:: Stored dataset items ::
+++++

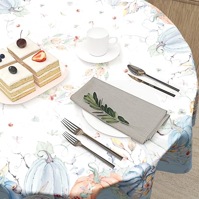 Giwawa Fall Pumpkin Blue Round Tablecloth 60 Inch,Autumn Harvest Thanksgiving Farmhouse Decorative Table Cloth Washable Table Cover for Kitchen Party Picnic Dinner Home Decor
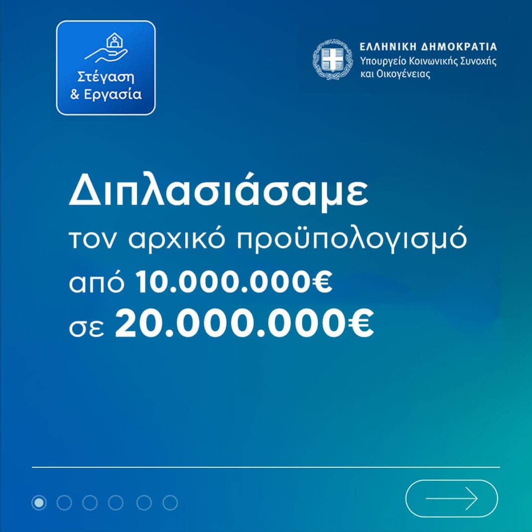 Αυξάνεται στα 20 εκατ. ευρώ από 10 εκατ. ευρώ, ο προϋπολογισμός του προγράμματος «Στέγαση και Εργασία για τους αστέγους» που υλοποιεί το Υπουργείο Κοινωνικής Συνοχής και Οικογένειας σε συνεργασία με τους Δήμους, προκειμένου να εξασφαλιστεί κοινωνική κατοικία σε πολλές κατηγορίες ευάλωτων οι οποίοι βρίσκονται σε αστεγία ή σε επισφάλεια στέγης.
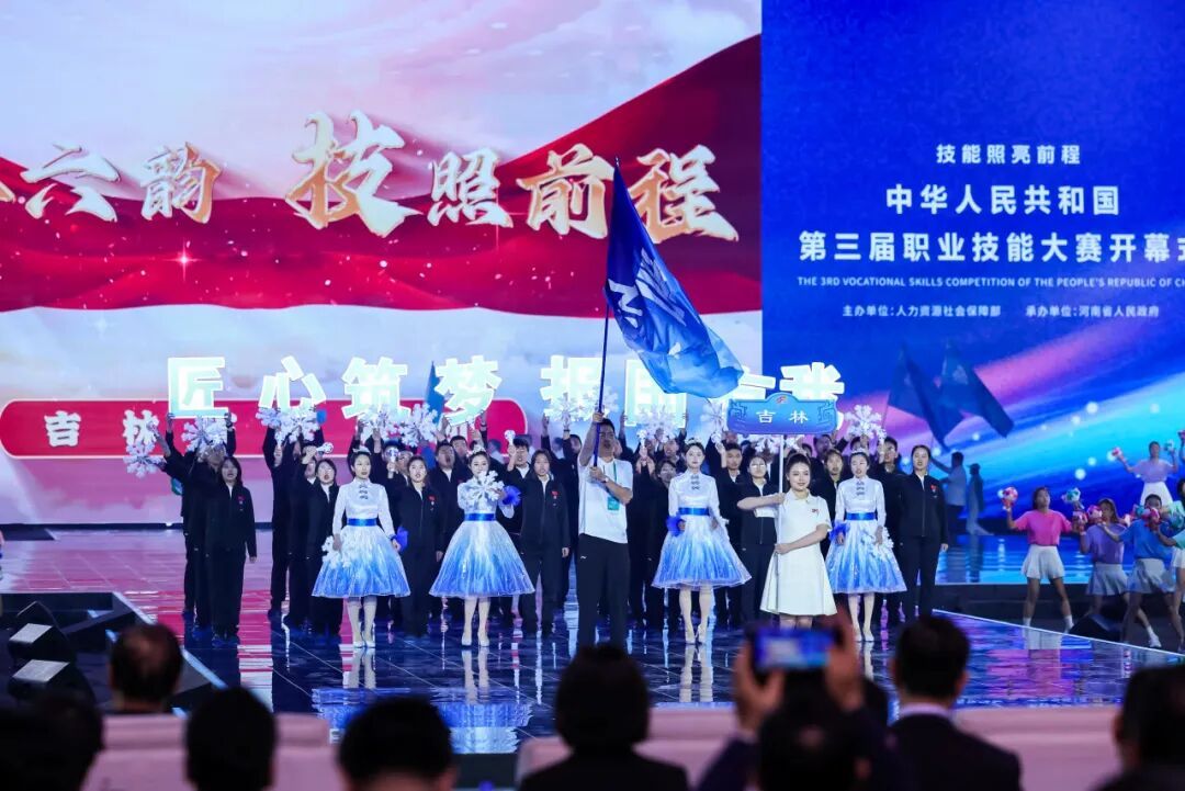 本届大赛由人力资源和社会保障部主办、河南省人民政府承办,以“技能照亮前程”为主题,设置106个竞赛项目,涵盖66个世赛选拔项目与40个国赛精选项目,吸引全国35个代表团、3420名选手同台竞技,是我国规格最高、规模最大的综合性职业技能赛事。开幕式现场灯光璀璨,伴随“大美吉林铸匠魂”的主持人介绍,吕春雨、王迪两位教师与其他参赛成员一道精神抖擞入场,成为吉林省代表团中亮眼的“职教力量”。
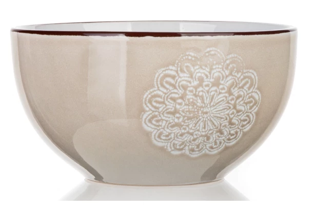 Miska o průměru 14,3 cm s krajkovými ornamenty, připomínající květiny nebo mandalu, je elegantním a zároveň praktickým kouskem nádobí. Její neutrální béžovo-šedá barva a univerzální design umožňují snadné kombinování s jinými prvky stolování. Tato miska bude skvělým doplňkem každé kuchyně a jídelny.
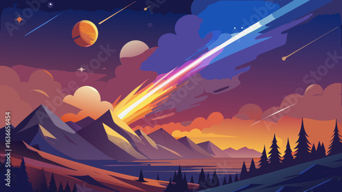 Dreamy starry winter landscape with crescent moon and glowing celestial hills, elegant abstract vector background for festive, seasonal, and Christmas design presentations.

+++++

In the entries above, find the line that contains "Miska o průměru", then repeat exactly every line from the first one through that line, with no pictures.

 Giwawa Fall Pumpkin Blue Round Tablecloth 60 Inch,Autumn Harvest Thanksgiving Farmhouse Decorative Table Cloth Washable Table Cover for Kitchen Party Picnic Dinner Home Decor
 Αυξάνεται στα 20 εκατ. ευρώ από 10 εκατ. ευρώ, ο προϋπολογισμός του προγράμματος «Στέγαση και Εργασία για τους αστέγους» που υλοποιεί το Υπουργείο Κοινωνικής Συνοχής και Οικογένειας σε συνεργασία με τους Δήμους, προκειμένου να εξασφαλιστεί κοινωνική κατοικία σε πολλές κατηγορίες ευάλωτων οι οποίοι βρίσκονται σε αστεγία ή σε επισφάλεια στέγης.
 本届大赛由人力资源和社会保障部主办、河南省人民政府承办,以“技能照亮前程”为主题,设置106个竞赛项目,涵盖66个世赛选拔项目与40个国赛精选项目,吸引全国35个代表团、3420名选手同台竞技,是我国规格最高、规模最大的综合性职业技能赛事。开幕式现场灯光璀璨,伴随“大美吉林铸匠魂”的主持人介绍,吕春雨、王迪两位教师与其他参赛成员一道精神抖擞入场,成为吉林省代表团中亮眼的“职教力量”。
 Miska o průměru 14,3 cm s krajkovými ornamenty, připomínající květiny nebo mandalu, je elegantním a zároveň praktickým kouskem nádobí. Její neutrální béžovo-šedá barva a univerzální design umožňují snadné kombinování s jinými prvky stolování. Tato miska bude skvělým doplňkem každé kuchyně a jídelny.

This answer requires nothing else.